SOLOPOS.COM - Muhammad Fatikh Anwari (Solopos/Istimewa)

Solopos.com, SOLO – Kini makin banyak di kalangan mahasiswa. Gayanya khas. Kekinian. Bermerek terkenal dari ujung kepala sampai kaki. Warna-warni serta harganya pasti mahal. Di tangan mereka tergenggam gawai pintar keluaran terbaru.

Selalu bergerombol sampai belasan orang. Kalau ngomong seolah-olah rahang mereka tak bisa mengatup. Topik pembahasan beraneka ragam, namun jauh dari pembahasan yang berbobot.

Promosi Yos Sudarso Gugur di Laut Aru, Misi Gagal yang Memicu Ketegangan AU dan AL

Setidaknya begitu gambaran kehidupan (sebagian) mahasiswa di tengah gempuran budaya pop. Saat ini kampus tak hanya menjadi menara gading intelektual, namun juga bertransformasi menjadi pusat mode bagi kehidupan mahasiswa.

Banyak mahasiswa yang berubah setelah masuk kampus. Selera lidah, gaya berpakaian, maupun pergaulan berubah. Banyak di antara mereka berkiblat pada yang sedang ramai diperbincangkan di media sosial.

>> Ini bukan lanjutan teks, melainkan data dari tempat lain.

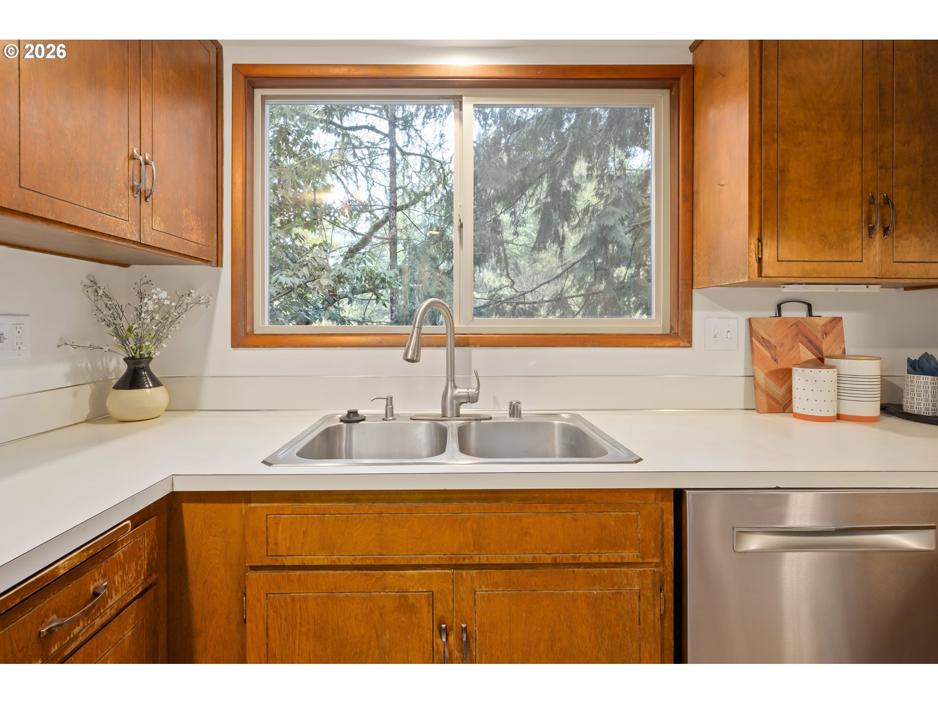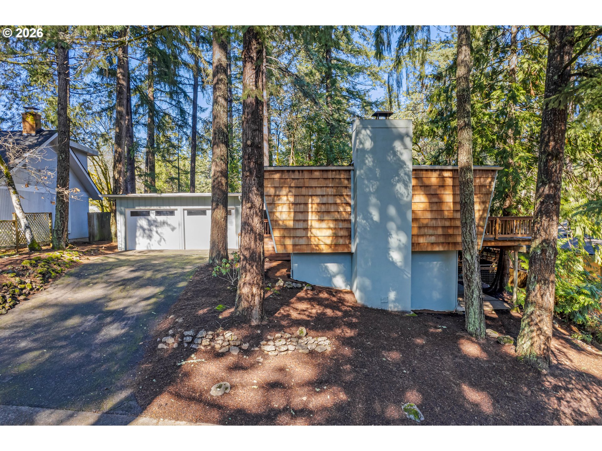 (503) 893-8874Located on a wooded homesite in the SE Hills, this home offers spacious living areas and privacy surrounded by trees. The main level includes a family room with wood stove off the kitchen, a semi-formal dining area, and a living room with fireplace. New carpet, fresh interior paint, vinyl windows, and newer wood laminate flooring provide a refreshed feel.Decks off both the family and living rooms create private outdoor spaces for relaxing or entertaining. All three bedrooms are on the lower level, along with a laundry room with exterior access. The detached two-car garage features flex space with a utility sink, previously used as a darkroom.Close to the Amazon trail system and located within the South Eugene High School district.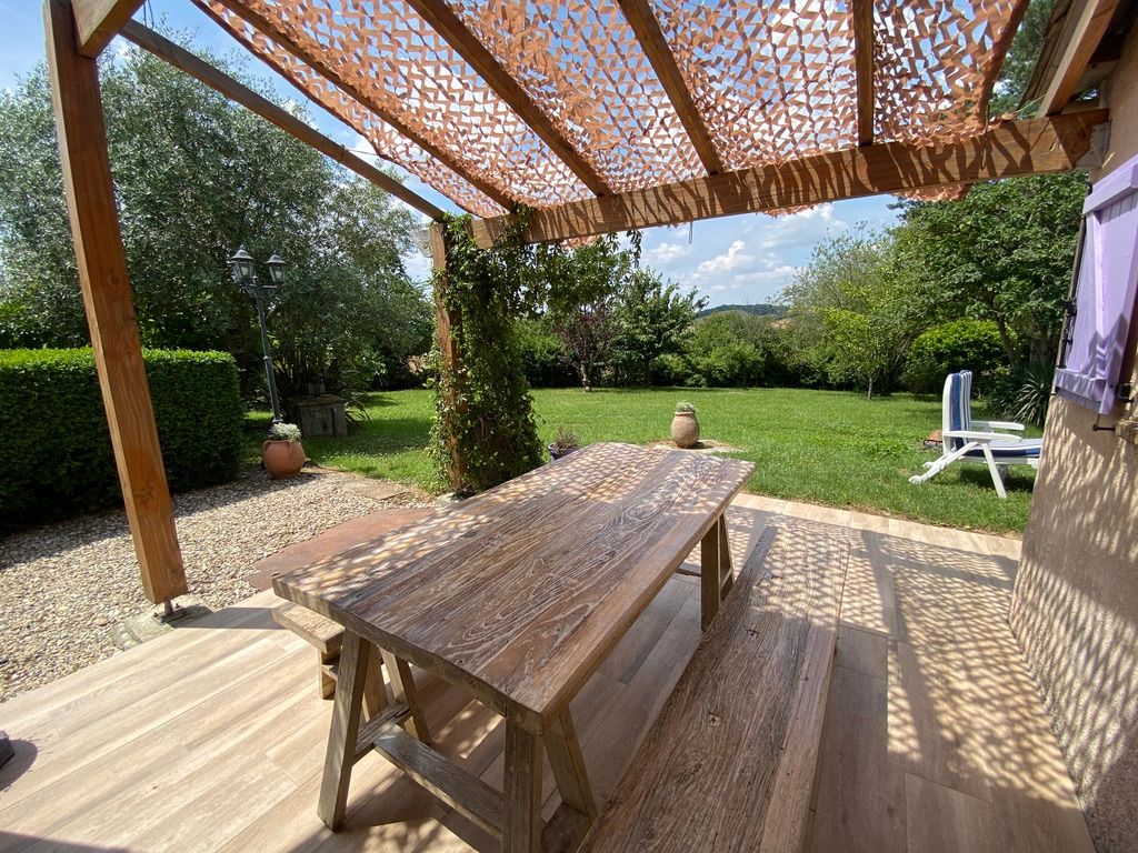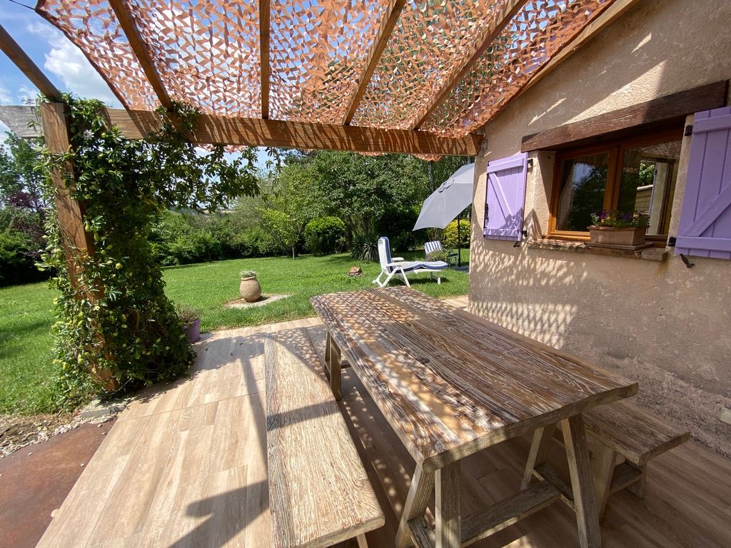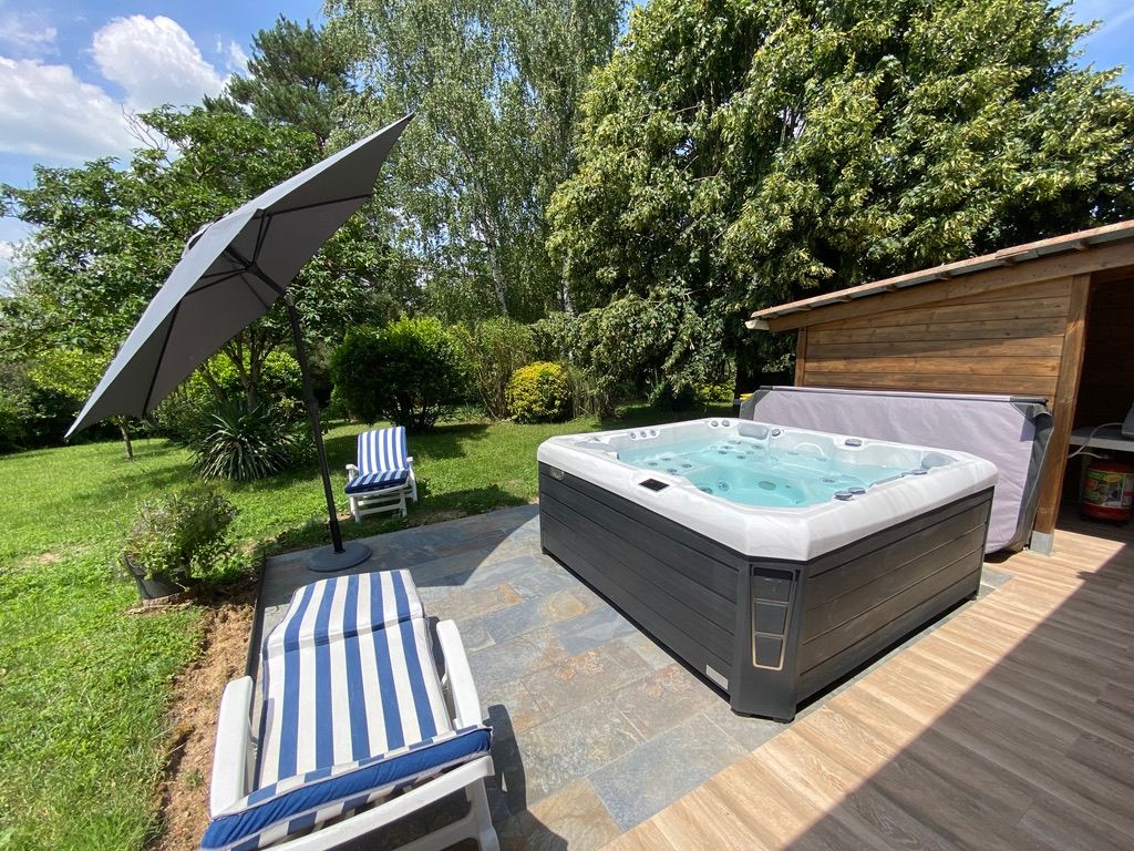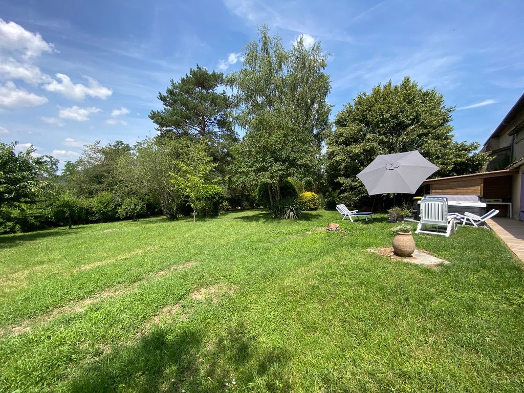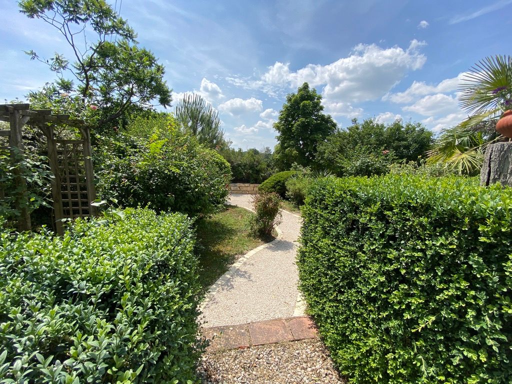 Imaginez-vous déambuler dans ce magnifique jardin de curé très arboré, où les buis marquent les allées, pour terminer sur l’arrière de la maison avec son spa.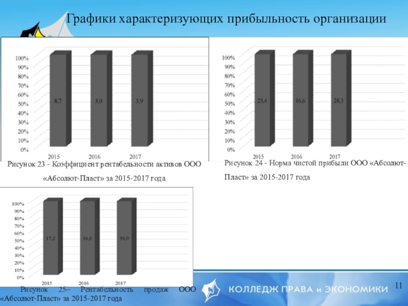 Рисунок 25– Рентабельность продаж ООО «Абсолют-Пласт» за 2015-2017 года

Pada dasarnya (sebagian) mahasiswa hanya mengikuti selera pasar demi label keakuan dan agar tidak dipandang ketinggalan zaman. Sindiran telak dilantukan band Efek Rumah Kaca lewat tembang dengan judul Belanja Terus Sampai Mati.

akhir dari sebuah perjalanan / mendarat di sudut pertokoan / buang kepenatan.. / atas bujukan setan hasrat yang dijebak zaman / kita belanja terus sampai mati…

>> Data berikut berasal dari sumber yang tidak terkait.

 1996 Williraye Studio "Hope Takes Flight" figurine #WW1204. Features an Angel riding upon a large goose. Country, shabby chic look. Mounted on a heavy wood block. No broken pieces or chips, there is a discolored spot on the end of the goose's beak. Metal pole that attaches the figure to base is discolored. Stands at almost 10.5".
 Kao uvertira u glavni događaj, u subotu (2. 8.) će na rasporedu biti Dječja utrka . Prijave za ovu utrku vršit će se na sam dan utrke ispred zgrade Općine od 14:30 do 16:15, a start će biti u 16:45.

Menghamburkan uang pada hal-hal demikian sah-sah saja untuk dilakukan, tetapi alangkah lebih bijak menentukan skala prioritas dan membelanjakan sesuai kebutuhan.

Kehidupan budaya pop bukanlah sesuatu yang baru di tengah hiruk pikuk kehidupan kampus. Mahasiswa sejak dahulu memiliki ketertarikan yang cukup besar untuk mengikuti mode di pasaran.

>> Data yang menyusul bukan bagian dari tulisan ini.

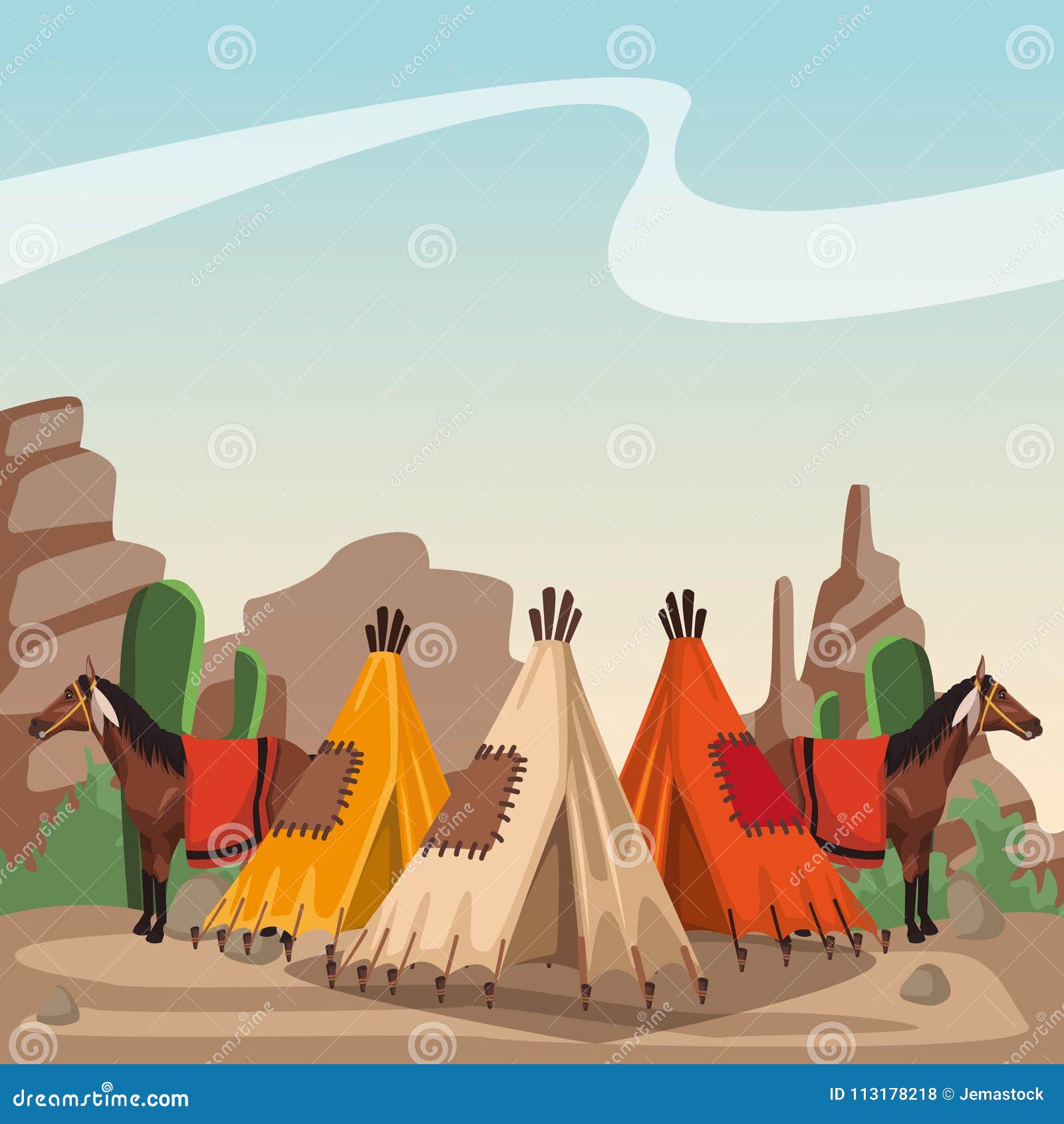 Indiano Americano Villaggio Grafico Indiano Illustrazione Americano Vettore Disegno Villaggio Cartone Animato Canstock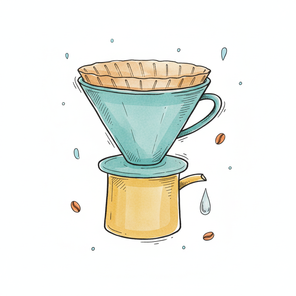Handgezeichnete Illustration eines Pour-over Kaffeebereiters mit Filter, Kaffeebohnen und Wassertropfen.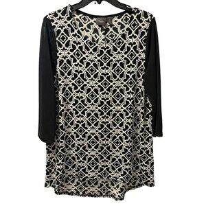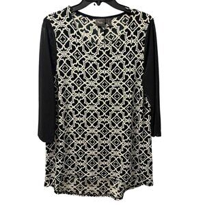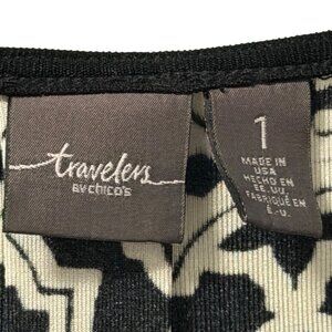 Chicos Black White Geometric Print Travelers blouse Size M tunic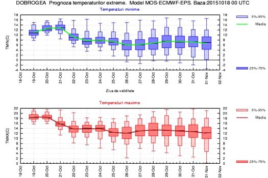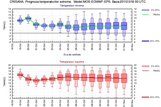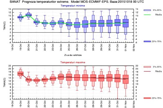 Primele zile vor fi caracterizate de o vreme mai caldă decât în mod obişnuit în această perioadă a anului, cu temperaturi maxime de aproximativ 19 grade şi minime de 12…13 grade, în medie regională. Începând din data de 21 octombrie, vremea se va răci, iar regimul termic va reveni la normal, urmând a se înregistra valori medii de 12…14 grade ziua şi 6…8 grade noaptea, ce se vor menţine, cu mici variaţii, până spre sfârşitul celor două săptămâni de prognoză.

Majalah Gatra edisi 3 Januari 1998 menjelaskan, berdasarkan hasil survei tim majalah tersebut, pengeluaran untuk jajan menjadi prioritas utama (49,4%) disusul pengeluaran untuk nongkrong (30,8%) mengisi waktu luang mereka.

Hanya sedikit untuk membeli peralatan penunjang pembelajaran (19,5%). Ironis memang. Hedonisme mahasiswa pada akhirnya menggerus budaya intelektual di dalam kampus.

Mahasiswa saat ini mulai kehilangan obrolan bermutu. Tak terdengar lagi hiruk pikuk diskusi di kalangan mahasiswa seperti yang digambarkan Leila S. Chudori dalam novel Laut Bercerita (2017).

Ketika kita menelisik cerita terdahulu, para filsuf berkumpul di kafetaria untuk mendiskusikan aneka masalah. Jean Paul Sartre dan Simone De Beauvoir mendiskusikan berbagai masalah dan memunculkan banyak ide di  Les Deux Magots.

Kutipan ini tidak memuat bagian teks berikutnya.